▶ Records for the task:
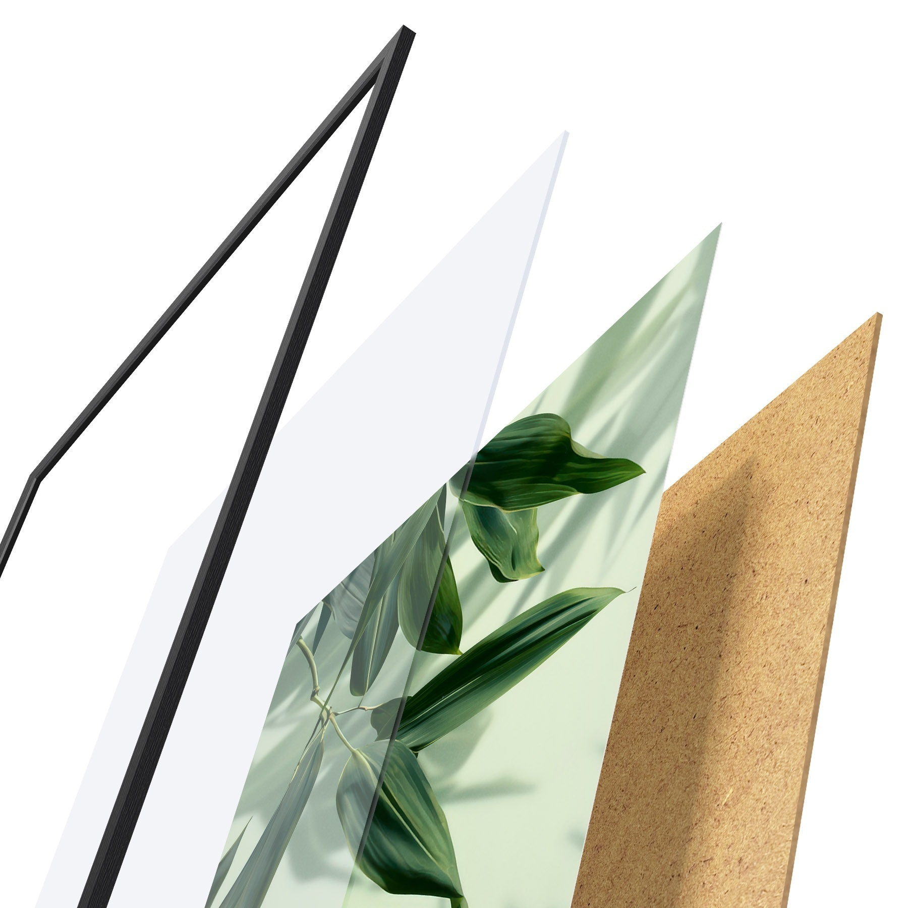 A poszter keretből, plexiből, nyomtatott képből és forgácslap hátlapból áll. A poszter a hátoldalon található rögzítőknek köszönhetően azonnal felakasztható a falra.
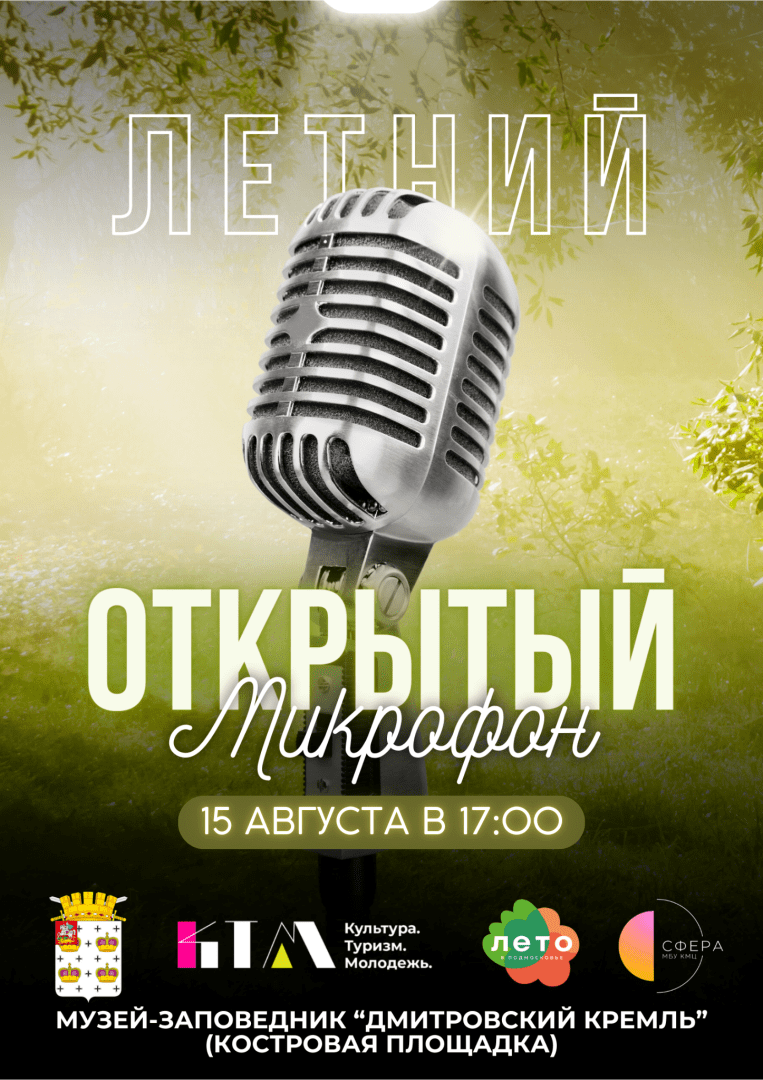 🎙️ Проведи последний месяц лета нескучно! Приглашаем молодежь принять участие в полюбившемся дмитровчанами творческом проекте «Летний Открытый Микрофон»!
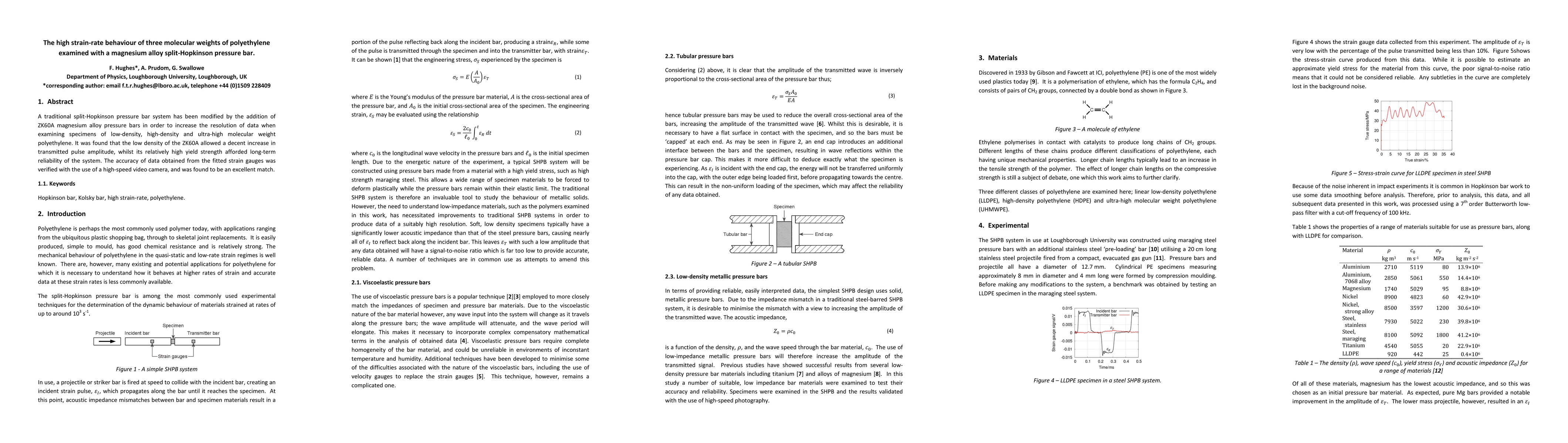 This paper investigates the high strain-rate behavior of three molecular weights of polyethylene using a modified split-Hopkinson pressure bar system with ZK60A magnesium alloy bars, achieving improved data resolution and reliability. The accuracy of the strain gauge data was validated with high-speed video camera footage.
...
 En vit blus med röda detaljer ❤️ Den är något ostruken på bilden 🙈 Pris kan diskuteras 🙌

▶ Problem statement: With pictures excluded, reproduce exactly the lines above from the one containing "A poszter keretből, plexiből, nyomtatott" down to the one containing "This paper investigates", those two included.

▶ Solution to this exercise:
 A poszter keretből, plexiből, nyomtatott képből és forgácslap hátlapból áll. A poszter a hátoldalon található rögzítőknek köszönhetően azonnal felakasztható a falra.
 🎙️ Проведи последний месяц лета нескучно! Приглашаем молодежь принять участие в полюбившемся дмитровчанами творческом проекте «Летний Открытый Микрофон»!
 This paper investigates the high strain-rate behavior of three molecular weights of polyethylene using a modified split-Hopkinson pressure bar system with ZK60A magnesium alloy bars, achieving improved data resolution and reliability. The accuracy of the strain gauge data was validated with high-speed video camera footage.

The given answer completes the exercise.